▶ [RECORDS SHOWN]
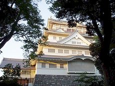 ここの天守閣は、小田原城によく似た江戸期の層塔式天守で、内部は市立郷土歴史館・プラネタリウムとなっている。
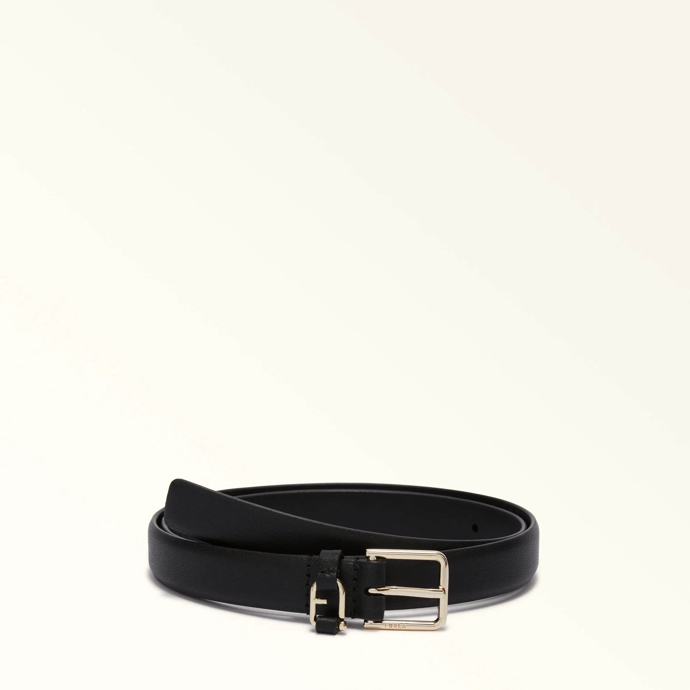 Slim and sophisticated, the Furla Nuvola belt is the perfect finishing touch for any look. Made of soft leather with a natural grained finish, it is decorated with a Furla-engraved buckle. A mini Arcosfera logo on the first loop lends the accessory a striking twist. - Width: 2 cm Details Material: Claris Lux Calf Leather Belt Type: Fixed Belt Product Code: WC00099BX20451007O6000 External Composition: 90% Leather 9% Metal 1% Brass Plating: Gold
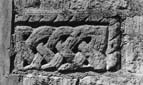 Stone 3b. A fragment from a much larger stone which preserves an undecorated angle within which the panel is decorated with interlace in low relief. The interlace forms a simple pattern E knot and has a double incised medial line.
...
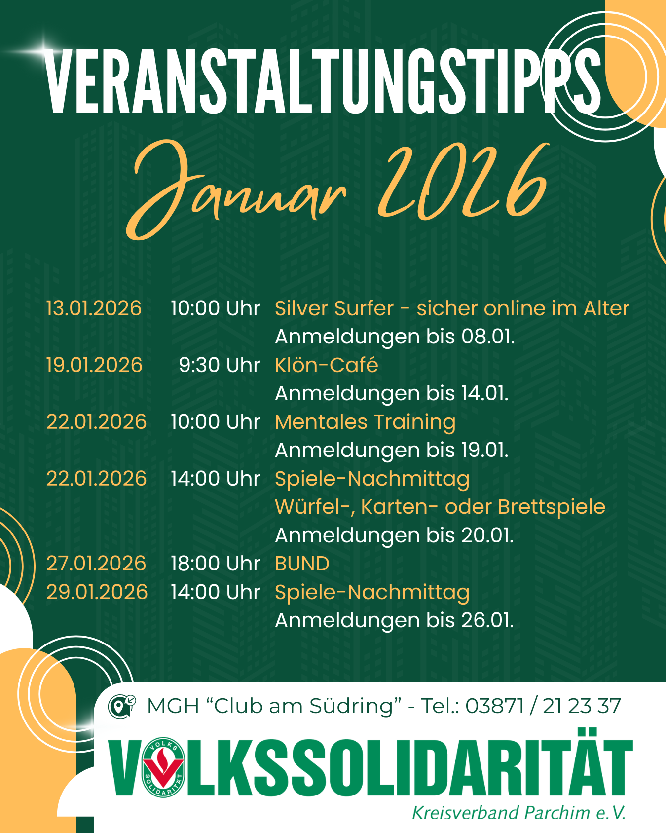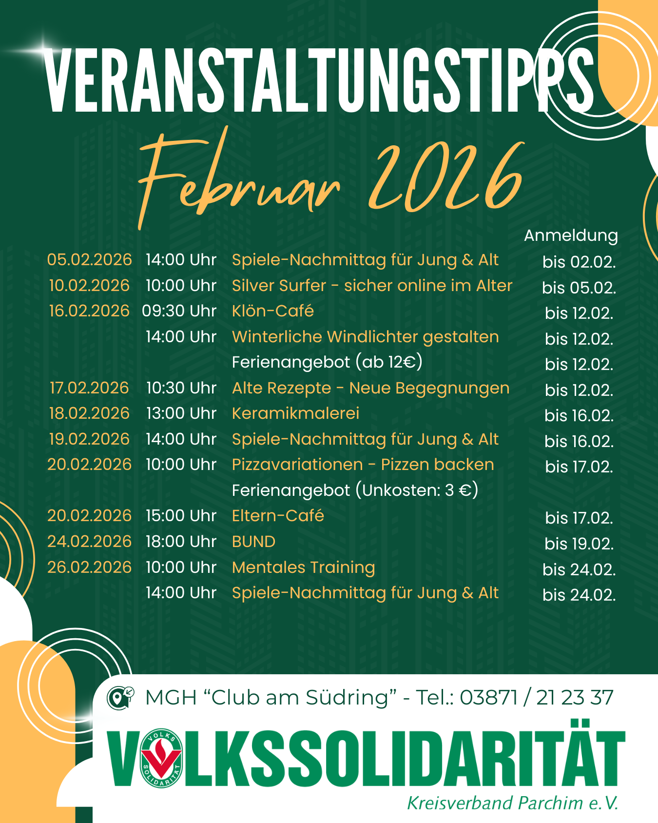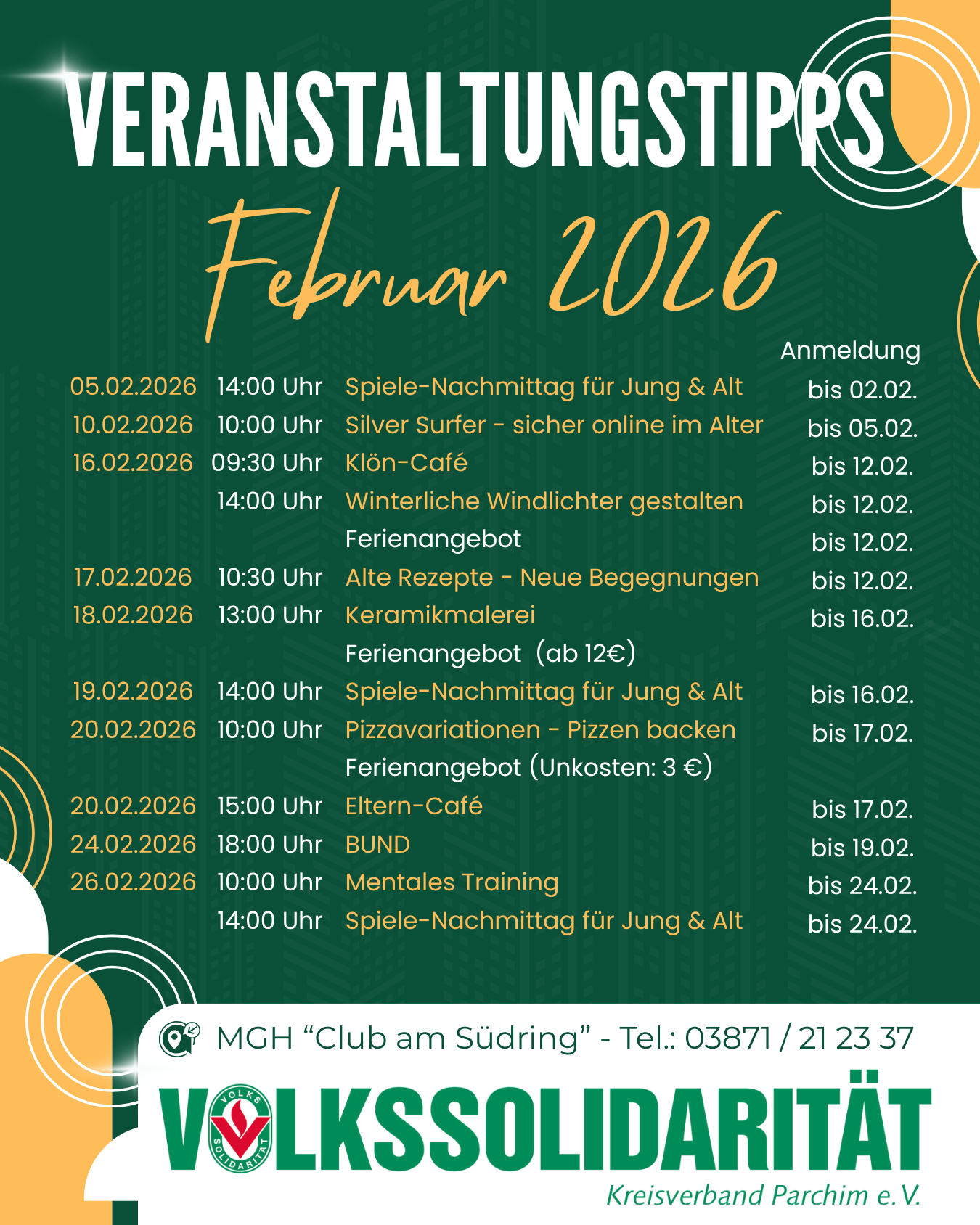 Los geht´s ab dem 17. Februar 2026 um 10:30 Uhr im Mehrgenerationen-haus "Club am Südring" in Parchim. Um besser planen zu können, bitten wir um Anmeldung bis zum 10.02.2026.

▶ [HOW TO COMPLETE THIS TASK]
Work from the entries above. Set down exactly and only the lines from the line with "ここの天守閣は、小田原城によ" to the line with "Stone 3b. A", both included, and leave the pictures out.

▶ [WRITTEN REPLY]
 ここの天守閣は、小田原城によく似た江戸期の層塔式天守で、内部は市立郷土歴史館・プラネタリウムとなっている。
 Slim and sophisticated, the Furla Nuvola belt is the perfect finishing touch for any look. Made of soft leather with a natural grained finish, it is decorated with a Furla-engraved buckle. A mini Arcosfera logo on the first loop lends the accessory a striking twist. - Width: 2 cm Details Material: Claris Lux Calf Leather Belt Type: Fixed Belt Product Code: WC00099BX20451007O6000 External Composition: 90% Leather 9% Metal 1% Brass Plating: Gold
 Stone 3b. A fragment from a much larger stone which preserves an undecorated angle within which the panel is decorated with interlace in low relief. The interlace forms a simple pattern E knot and has a double incised medial line.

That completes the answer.